# Work request
In the records below, find the line with "OxyR reduced APP" and the line with "Блузка для девочек". Print both exactly, along with every line between them, and no other line.

# Information given

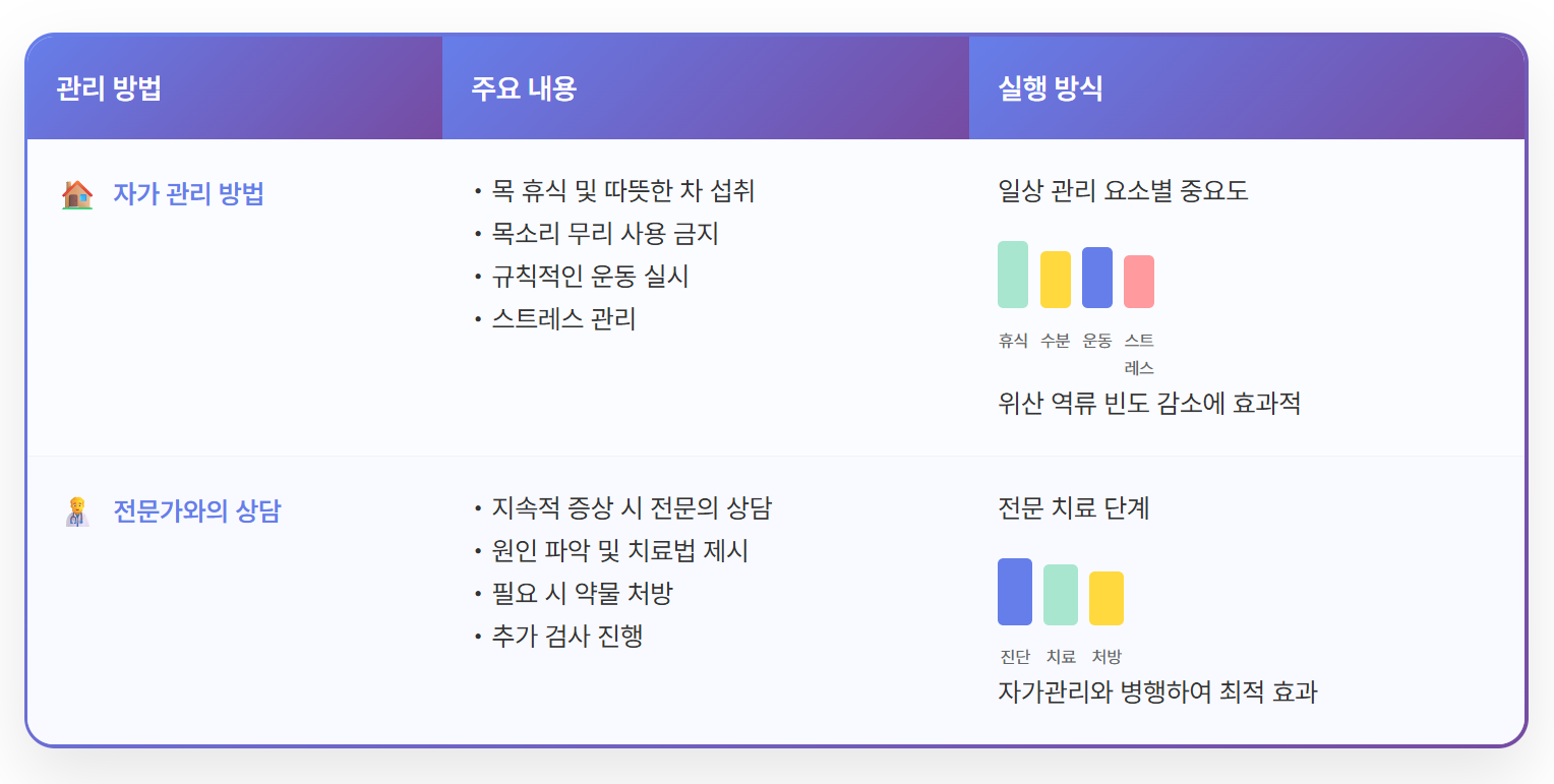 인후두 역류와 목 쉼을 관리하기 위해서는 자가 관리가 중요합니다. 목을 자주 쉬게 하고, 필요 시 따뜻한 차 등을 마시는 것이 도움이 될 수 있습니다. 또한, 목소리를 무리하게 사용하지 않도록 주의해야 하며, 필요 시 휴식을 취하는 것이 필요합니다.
...
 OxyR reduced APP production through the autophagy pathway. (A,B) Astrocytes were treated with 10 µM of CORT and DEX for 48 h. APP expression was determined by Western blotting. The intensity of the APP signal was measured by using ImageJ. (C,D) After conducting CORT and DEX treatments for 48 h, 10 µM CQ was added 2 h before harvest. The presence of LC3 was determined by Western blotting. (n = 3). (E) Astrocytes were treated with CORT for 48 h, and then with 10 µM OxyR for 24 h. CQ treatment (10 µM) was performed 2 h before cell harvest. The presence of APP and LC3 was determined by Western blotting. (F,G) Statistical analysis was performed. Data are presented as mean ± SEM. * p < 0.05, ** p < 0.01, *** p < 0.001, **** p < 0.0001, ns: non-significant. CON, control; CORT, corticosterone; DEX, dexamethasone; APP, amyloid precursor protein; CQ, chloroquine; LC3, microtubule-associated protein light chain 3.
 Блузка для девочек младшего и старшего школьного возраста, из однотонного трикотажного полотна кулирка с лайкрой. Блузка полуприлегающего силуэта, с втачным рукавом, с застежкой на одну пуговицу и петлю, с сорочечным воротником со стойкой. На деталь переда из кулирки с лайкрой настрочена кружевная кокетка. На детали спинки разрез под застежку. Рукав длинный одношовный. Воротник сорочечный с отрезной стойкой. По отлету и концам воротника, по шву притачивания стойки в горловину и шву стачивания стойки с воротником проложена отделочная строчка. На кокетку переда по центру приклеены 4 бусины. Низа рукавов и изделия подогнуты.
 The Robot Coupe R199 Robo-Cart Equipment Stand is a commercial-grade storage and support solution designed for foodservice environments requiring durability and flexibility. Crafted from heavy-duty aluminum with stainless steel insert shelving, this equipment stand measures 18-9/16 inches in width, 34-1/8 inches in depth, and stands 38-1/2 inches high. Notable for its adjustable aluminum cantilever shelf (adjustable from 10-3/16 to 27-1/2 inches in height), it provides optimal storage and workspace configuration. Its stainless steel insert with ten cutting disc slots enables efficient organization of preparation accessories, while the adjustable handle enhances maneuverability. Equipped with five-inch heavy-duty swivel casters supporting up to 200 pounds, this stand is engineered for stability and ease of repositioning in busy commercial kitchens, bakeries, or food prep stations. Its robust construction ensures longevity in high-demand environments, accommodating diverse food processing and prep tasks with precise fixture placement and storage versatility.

# Solution below
 OxyR reduced APP production through the autophagy pathway. (A,B) Astrocytes were treated with 10 µM of CORT and DEX for 48 h. APP expression was determined by Western blotting. The intensity of the APP signal was measured by using ImageJ. (C,D) After conducting CORT and DEX treatments for 48 h, 10 µM CQ was added 2 h before harvest. The presence of LC3 was determined by Western blotting. (n = 3). (E) Astrocytes were treated with CORT for 48 h, and then with 10 µM OxyR for 24 h. CQ treatment (10 µM) was performed 2 h before cell harvest. The presence of APP and LC3 was determined by Western blotting. (F,G) Statistical analysis was performed. Data are presented as mean ± SEM. * p < 0.05, ** p < 0.01, *** p < 0.001, **** p < 0.0001, ns: non-significant. CON, control; CORT, corticosterone; DEX, dexamethasone; APP, amyloid precursor protein; CQ, chloroquine; LC3, microtubule-associated protein light chain 3.
 Блузка для девочек младшего и старшего школьного возраста, из однотонного трикотажного полотна кулирка с лайкрой. Блузка полуприлегающего силуэта, с втачным рукавом, с застежкой на одну пуговицу и петлю, с сорочечным воротником со стойкой. На деталь переда из кулирки с лайкрой настрочена кружевная кокетка. На детали спинки разрез под застежку. Рукав длинный одношовный. Воротник сорочечный с отрезной стойкой. По отлету и концам воротника, по шву притачивания стойки в горловину и шву стачивания стойки с воротником проложена отделочная строчка. На кокетку переда по центру приклеены 4 бусины. Низа рукавов и изделия подогнуты.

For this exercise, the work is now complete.